Banks and other lenders are downplaying crowdfunding and peer to peer lending as it takes away their control as gatekeepers between investors and investments/lenders/ social causes.
With the right frameworks and standards,and as banks still promise the earth on lending but deliver little and at a larger cost than SME’s can stand, the environment for a massive growth in crowd funding exists.
But much of what is written about crowdfunding comes from within the market or its supporters. I have studied other areas that have grown from nothing to international in a short time and the main problem is that such growth attracts the scammers, the sharks and the snake oil salesmen keen to make money out of a gullible public before they truly understand the new market. They are usually gone within a decade , but can cause huge damage or lead to such tight regulation that it strangles the concept
As banks and other traditional lenders get increasingly risk averse, crowd funding is vital for new technological ventures, media content such as games, independent films, lifestyle businesses and social ventures.
Growth is accelerating as more platforms are launched, particularly sector specific ones.
Investor excitement and interest may fall if there are spectacular platform failures or frauds.
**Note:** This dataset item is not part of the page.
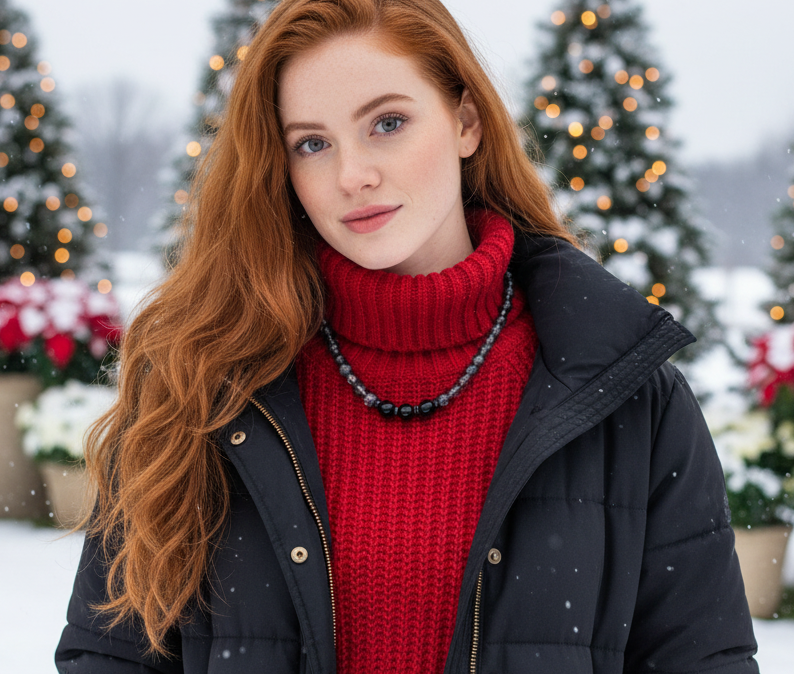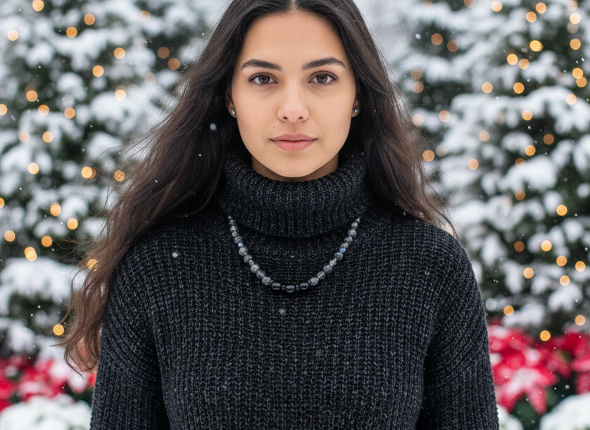 This one-strand one-of-a-kind necklace flaunts the beauty of shades of black completely. Designed to complement the black scheme, it is handmade with natural gems and Preciosa crystals. Simply stunning. Wear it anywhere with anything you have in your closet. It is the perfect gift for that special person or yourself. It is crafted with Black Onyx, Preciosa Crystals, and Czech crystal rhinestone rondelles. Remember, it's a one-of-a-kind item. No one else will be wearing the same thing when you go out. It's all about you. Comes in a gift box. Length is approx. 19 inches.

With over 1000 platforms globally- there is a huge growth- but there are already signs that amateur ones have folded or are simply unable to get projects funded.
Many of the good professional UK platforms are rigorous in what they allow on, and reject no hopers .
But platforms that put any old junk on do the industry no favours which is why i am not a fan of Kickstarter with almost one in two failures and even some competed projects unable to deliver rewards on time.The industry has to get professional -if it does not -it could get regulated out of existence.